First, we may conclude that f(1)=2. Clearly f(1) is not 1 and it cannot be 3 (or else f(3)=4 leading to bounding problems). Thus it follows that f ( 2 k ) = 2 k + 1 .
From here, casework on f(3). It is either 5, 6, or 7. (7 results in a symmetric case with 5.)
If f(3)=5 it follows that f(5)=12. Then f(6),f(7) must be the pairs (13,14), (13,15), or (14,15). Either way, there is one gap.

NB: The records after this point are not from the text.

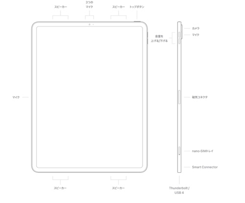 iPad Pro 現行モデルのぼたんとコネクタ 引用 : Apple
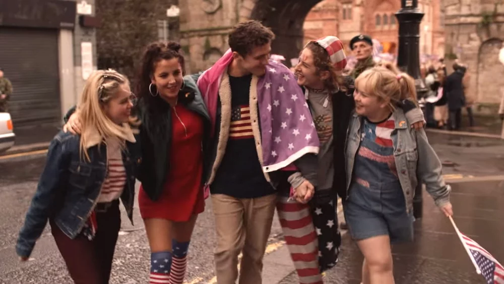 In 2018, British Channel 4 broadcasted the first season of Derry Girls, a show that, at first glance, seemed to be a comedy about a couple of teenage girls in Northern Ireland of the ‘90s. However, the series proved to be more than just an entertaining coming-of-age story, as it followed two intertwining narratives - a fictional one, about the relations of the main characters, and a realistic one, about the political conflict in Northern Ireland of the time, also known as The Troubles. This article will look at how the TV show portrays truthful and fictional narratives to create a realistic piece of media, represent the time frame and gain the attention of viewers.
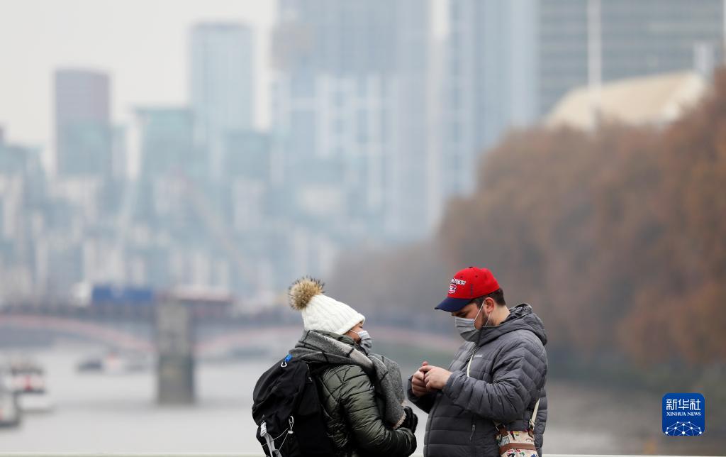 11月24日,人們在英國倫敦佩戴口罩出行。
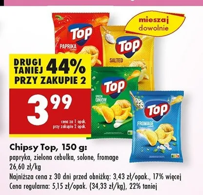 Ile kosztuje Chipsy o smaku 艣mietany z cebul膮 Top chips Top (biedronka)?
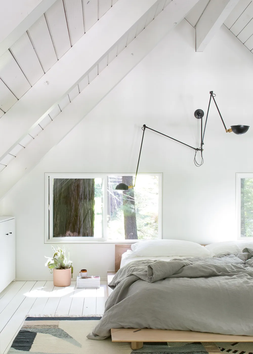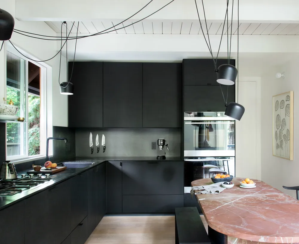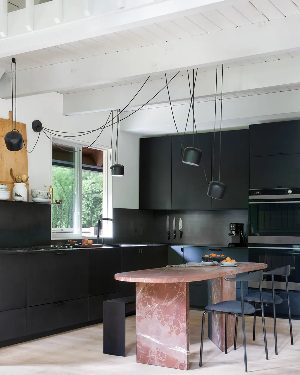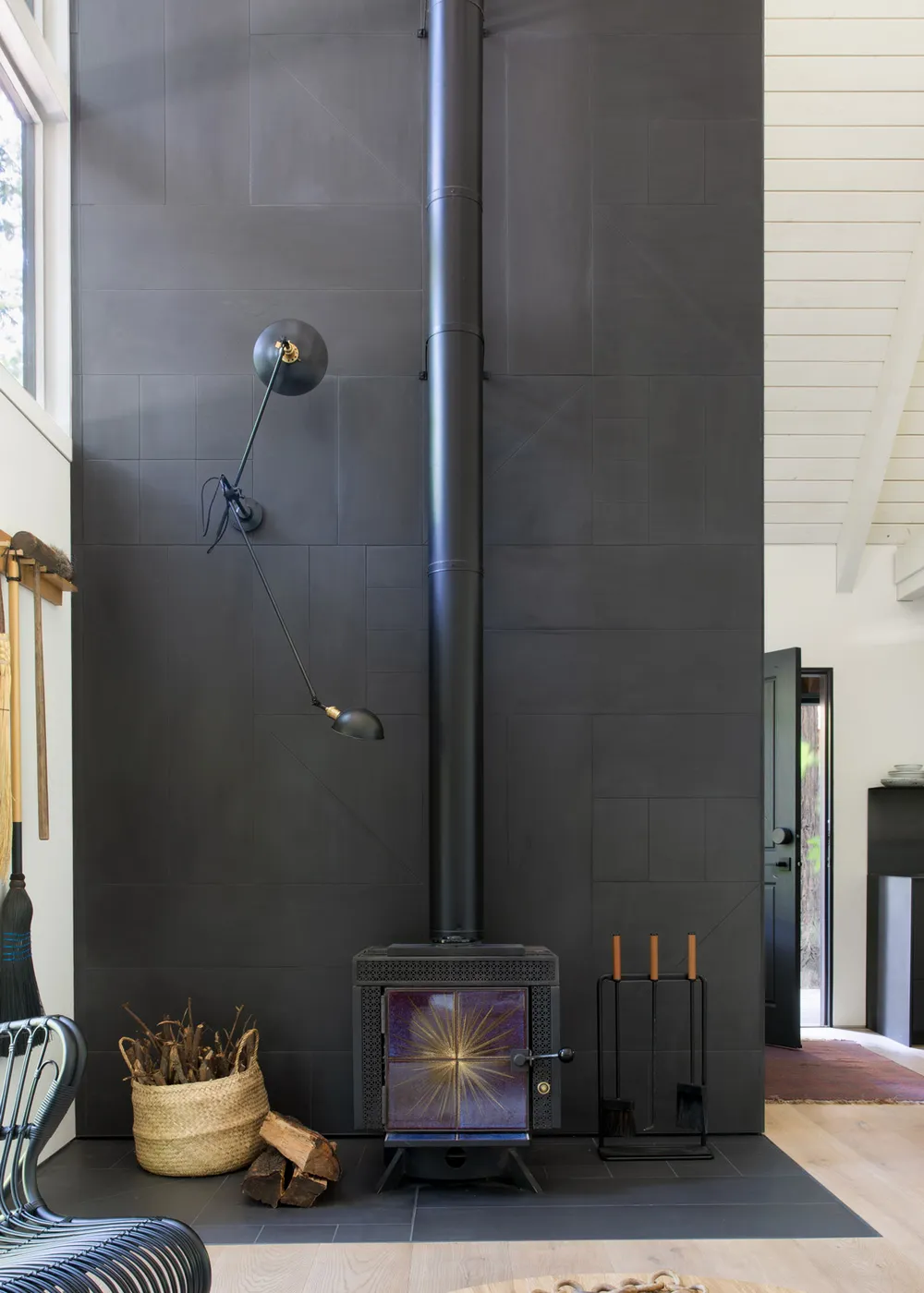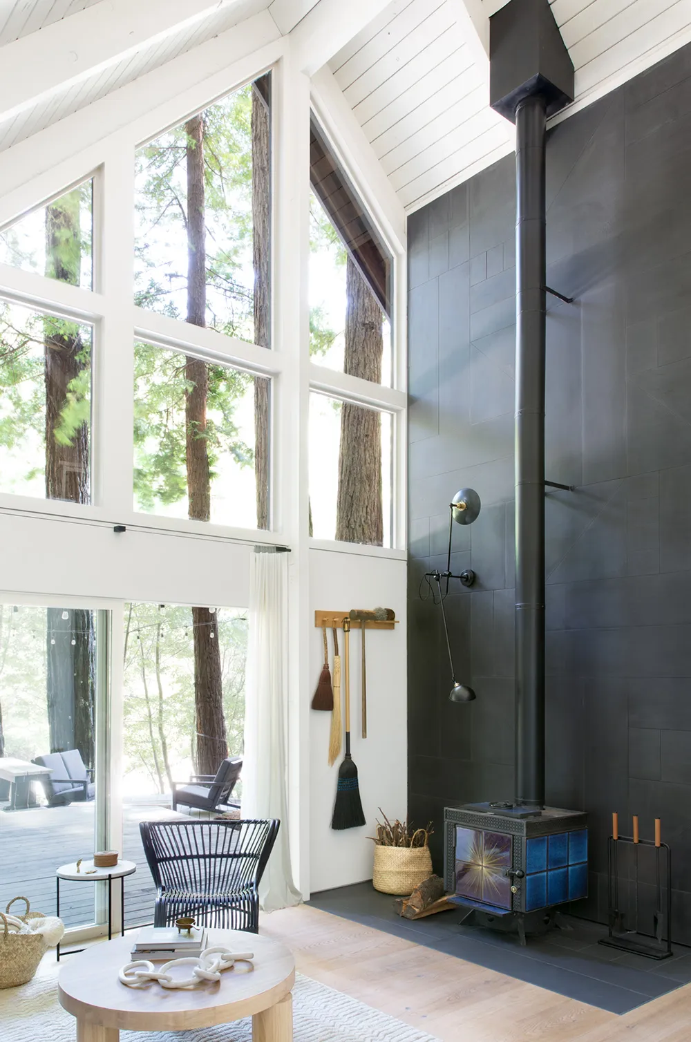 Magnifique cabinette forestier avec intérieur moderne en noir et blanc

We will show that the other thing doesn't matter with a small lemma.
Lemma: if f(a)=b and f(a+1)=b+1 then it follows that f(x) is fixed on all intervals [ 2 k a , 2 k ( a + 1 ) ] and [ 2 k b , 2 k ( b + 1 ) ] .
Proof: Induction. f(b)=4a, f(b+1)=4a+4, f(4a)=4b, f(4a+4)=4b+4 and tight bounding takes care of the rest. (f(4a+1)=4b+1 and so forth)
So all that remains is a gap of 2 somewhere. Let's say it's (13,14). Then f(14)=28 and f(16)=32. We now have a gap of 4, for f(15). It has 3 options, 29, 30, 31. So this can be recursed to before. There are 6 ways this happens (2 ways for f(3) = 5,7; 3 ways for our choice of f(6), f(7) or f(5), f(6).)
If f(3)=6 it follows that f(6)=12. Importantly, f(5) and f(7) have three options. They exactly mirror the choice we had for f(3). Our choices for f(5), f(7) are independent so we square F(n-1).
So our recurrence is F ( n ) = F ( n − 1 ) 2 + 6 F ( n − 2 ) , with initial conditions F(1)=1 and F(2)=3. We can easily evaluate F(6) mod 1000 to get 779.